→ Data supplied
□ □ □ □
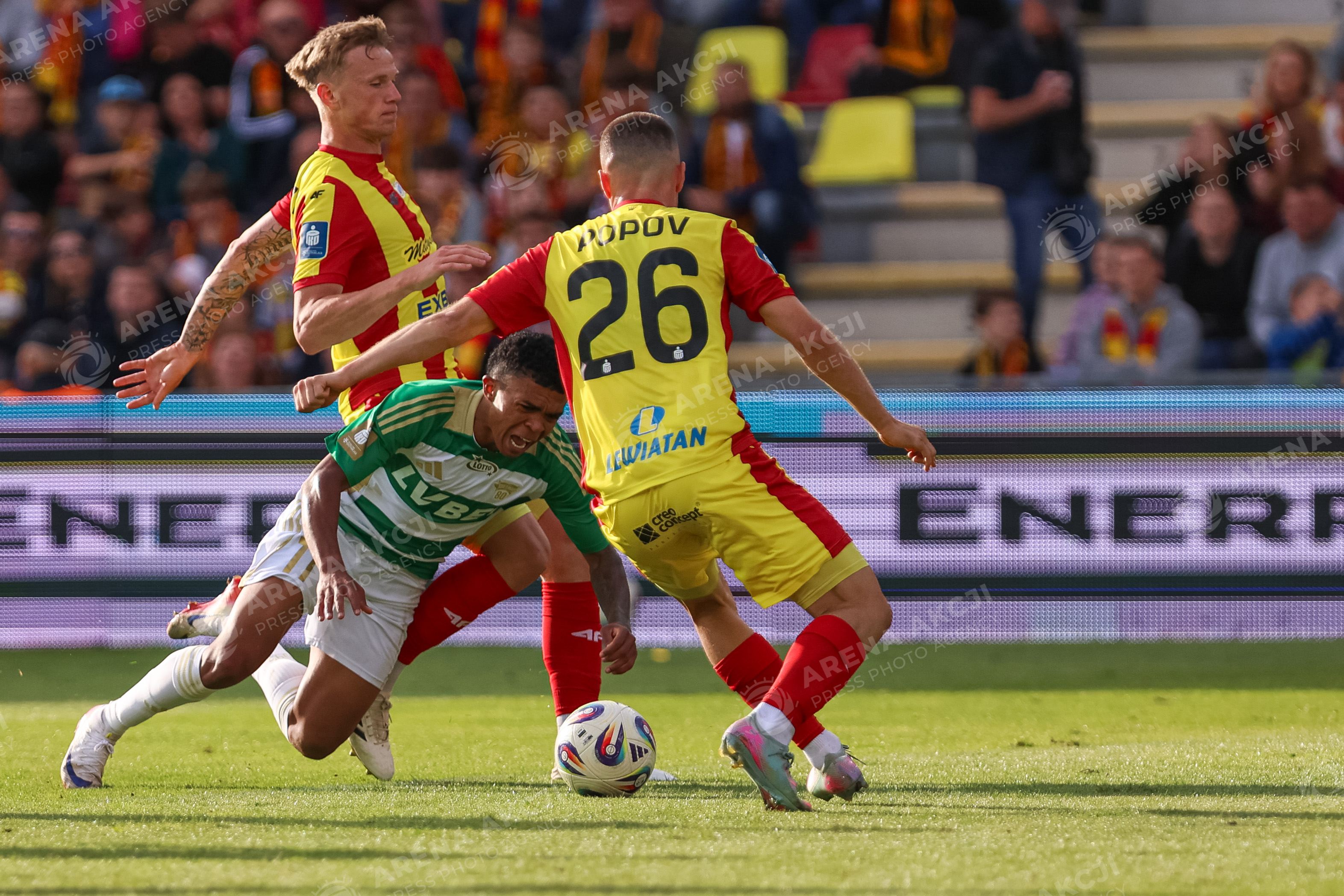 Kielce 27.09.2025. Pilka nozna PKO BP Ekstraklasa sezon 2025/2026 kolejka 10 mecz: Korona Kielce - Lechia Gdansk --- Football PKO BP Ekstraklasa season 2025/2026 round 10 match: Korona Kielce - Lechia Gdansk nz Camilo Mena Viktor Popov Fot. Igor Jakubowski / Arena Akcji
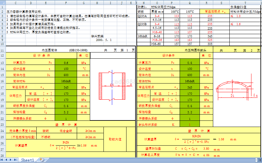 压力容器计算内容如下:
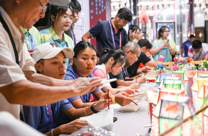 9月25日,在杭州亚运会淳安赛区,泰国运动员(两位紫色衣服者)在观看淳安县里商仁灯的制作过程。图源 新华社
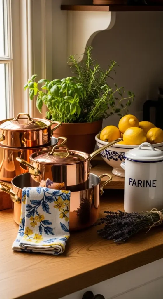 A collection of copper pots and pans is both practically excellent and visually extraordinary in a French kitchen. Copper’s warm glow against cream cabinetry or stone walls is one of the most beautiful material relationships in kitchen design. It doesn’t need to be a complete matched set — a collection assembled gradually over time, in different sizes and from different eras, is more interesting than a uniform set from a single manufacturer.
□ □ □ □
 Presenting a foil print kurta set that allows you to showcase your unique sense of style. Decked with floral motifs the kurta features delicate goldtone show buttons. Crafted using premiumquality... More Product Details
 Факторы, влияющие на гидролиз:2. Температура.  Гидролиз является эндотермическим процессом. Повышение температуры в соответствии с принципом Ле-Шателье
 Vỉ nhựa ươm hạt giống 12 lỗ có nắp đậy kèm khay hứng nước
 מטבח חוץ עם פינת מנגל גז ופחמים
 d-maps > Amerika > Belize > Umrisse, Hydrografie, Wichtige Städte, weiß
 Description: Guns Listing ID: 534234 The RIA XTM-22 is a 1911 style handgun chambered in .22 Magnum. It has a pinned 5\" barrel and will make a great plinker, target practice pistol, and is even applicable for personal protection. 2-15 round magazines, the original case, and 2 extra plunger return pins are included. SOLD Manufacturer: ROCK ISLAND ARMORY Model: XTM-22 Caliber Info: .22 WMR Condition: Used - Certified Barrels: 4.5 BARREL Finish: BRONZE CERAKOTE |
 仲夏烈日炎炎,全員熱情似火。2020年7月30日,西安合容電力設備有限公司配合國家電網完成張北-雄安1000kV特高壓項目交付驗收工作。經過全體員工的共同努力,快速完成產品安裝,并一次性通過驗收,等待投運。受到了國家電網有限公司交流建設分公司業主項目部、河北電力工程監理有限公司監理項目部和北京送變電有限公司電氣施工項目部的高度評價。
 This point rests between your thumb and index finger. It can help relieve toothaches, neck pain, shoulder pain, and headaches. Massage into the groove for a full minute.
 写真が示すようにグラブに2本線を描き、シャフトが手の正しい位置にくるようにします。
□ □ □ □
→ Exercise brief
In the entries above, find the line with "d-maps > Amerika" and the line with "写真が示すようにグラブに2本", then restate word for word both of them and every line between, with nothing more.

→ Output of the task
 d-maps > Amerika > Belize > Umrisse, Hydrografie, Wichtige Städte, weiß
 Description: Guns Listing ID: 534234 The RIA XTM-22 is a 1911 style handgun chambered in .22 Magnum. It has a pinned 5\" barrel and will make a great plinker, target practice pistol, and is even applicable for personal protection. 2-15 round magazines, the original case, and 2 extra plunger return pins are included. SOLD Manufacturer: ROCK ISLAND ARMORY Model: XTM-22 Caliber Info: .22 WMR Condition: Used - Certified Barrels: 4.5 BARREL Finish: BRONZE CERAKOTE |
 仲夏烈日炎炎,全員熱情似火。2020年7月30日,西安合容電力設備有限公司配合國家電網完成張北-雄安1000kV特高壓項目交付驗收工作。經過全體員工的共同努力,快速完成產品安裝,并一次性通過驗收,等待投運。受到了國家電網有限公司交流建設分公司業主項目部、河北電力工程監理有限公司監理項目部和北京送變電有限公司電氣施工項目部的高度評價。
 This point rests between your thumb and index finger. It can help relieve toothaches, neck pain, shoulder pain, and headaches. Massage into the groove for a full minute.
 写真が示すようにグラブに2本線を描き、シャフトが手の正しい位置にくるようにします。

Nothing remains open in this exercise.